I did not choose this design because I think I don't need it.
The linker has to de-duplicate comdat sections (i.e. inline functions that are included into multiple object files), so we cannot compute the layout for regular sections until we resolve all symbols and de-duplicate comdats. That takes a few hundred milliseconds. After that, we can compute the sizes of variable-length sections in less than 100 milliseconds. It's quite fast, so it doesn't seem to make much sense to proceed without fixing the final file layout.
-
Incremental linking
Incremental linking is a technique to patch a previous linker's output file so that only functions or data that are updated from the previous build are written to it. It is expected to significantly reduce the amount of data copied from input files to an output file and thus speed up linking. GNU BFD and gold linkers support it.
I turned it down because it (1) is complicated, (2) doesn't seem to speed it up that much and (3) complicates build procedure. Let me explain each of them.
First, incremental linking for real C/C++ programs is not as easy as one might think. Let me take malloc as an example. malloc is usually defined by libc, but you can implement it in your program, and if that's the case, the symbol
malloc
will be resolved to your function instead of the one in libc. If you include a library that defines malloc (such as libjemalloc or libtbbmallc) before libc, their malloc will override libc's malloc.What if you remove your malloc from your code, or remove
-ljemalloc
from your Makefile?
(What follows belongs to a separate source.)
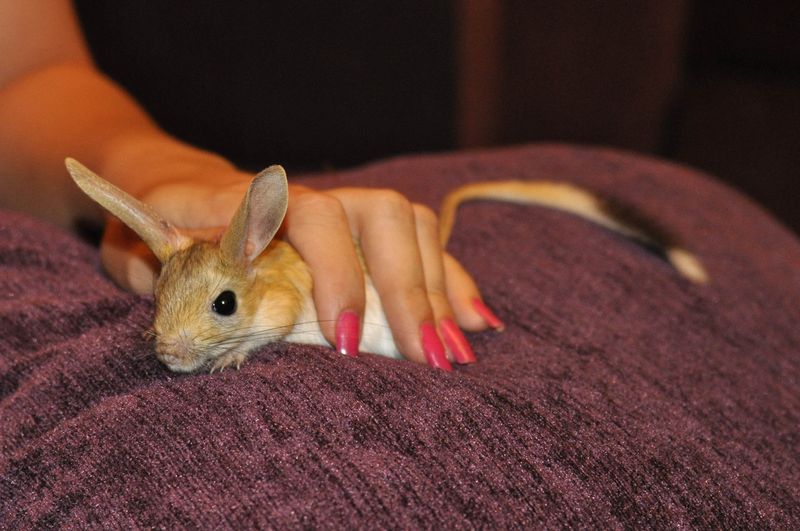- Jerboa. At first glance, a small mouse-like rodent causes location with its bizarre appearance. The first thing that catches your eye is large ears and just a huge, in comparison with a small body, a beautiful tail with a tassel. The hind legs of the animal are much longer than the front ones, therefore the jerboa moves by leaps. Home jerboa - affectionate, harmless and manual.

The linker has to include a malloc from libc, which may include more object files to satisfy its dependencies. Such code change can affect the entire program rather than just replacing one function. That's not just removing one function from libc. The same is true to adding malloc to your program. Making a local change doesn't necessarily result in a local change in the binary level.Some ELF fancy features make the situation even worse. For example, take the weak symbol as an example. If you define
atoi
as an weak symbol in your program, and if you are not usingatoi
at all in your program, that symbol will be resolved to address 0. But if you start using some libc function that indirectly callsatoi
, thenatoi
will be included to your program, and your weak symbol will be resolved to that function. I don't know how to efficiently fix up a binary for this case.This is a hard problem, so existing linkers don't try too hard to solve it. For example, IIRC, gold falls back to full link if a function is removed from a previous build. If you want to not annoy users in the fallback case, you need to make the regular case fast anyway.
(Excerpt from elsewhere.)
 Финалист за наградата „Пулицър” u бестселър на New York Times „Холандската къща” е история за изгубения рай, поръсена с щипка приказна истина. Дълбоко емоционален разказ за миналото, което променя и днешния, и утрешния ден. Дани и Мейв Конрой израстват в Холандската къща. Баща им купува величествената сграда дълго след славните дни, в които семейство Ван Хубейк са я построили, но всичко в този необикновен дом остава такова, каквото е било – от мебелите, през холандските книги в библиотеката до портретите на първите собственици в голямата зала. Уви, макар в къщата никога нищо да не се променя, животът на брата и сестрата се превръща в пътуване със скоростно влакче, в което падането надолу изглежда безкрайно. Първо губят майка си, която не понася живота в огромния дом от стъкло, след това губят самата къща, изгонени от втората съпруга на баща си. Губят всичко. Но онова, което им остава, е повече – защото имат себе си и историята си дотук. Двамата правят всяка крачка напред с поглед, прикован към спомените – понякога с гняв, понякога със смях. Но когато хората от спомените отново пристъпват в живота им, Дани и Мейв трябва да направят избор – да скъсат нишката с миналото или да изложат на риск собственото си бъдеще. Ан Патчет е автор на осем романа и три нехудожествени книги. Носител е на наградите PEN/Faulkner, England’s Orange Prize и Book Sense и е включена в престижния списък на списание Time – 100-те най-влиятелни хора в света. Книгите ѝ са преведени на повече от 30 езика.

Second, incremental linking itself has an overhead. It has to detect which functions are updated and how to patch an existing output file. GNU gold, for instance, takes almost 30 seconds on my machine to a null incremental link for chrome (i.e. no object files are updated from a previous build). It's just too slow.
Third, there are other practical issues in incremental linking; it's not reproducible, so your binary isn't the same as other binaries even if you are compiling the same source tree using the same compiler toolchain. Or, it is complex and there might be a bug in it. If something doesn't work correctly, "remove --incremental from your Makefile and try again" could be a piece of advise, but that isn't ideal.
So, all in all, incremental linking is tricky. I wanted to make the regular full link as fast as possible, so that we don't have to think about it.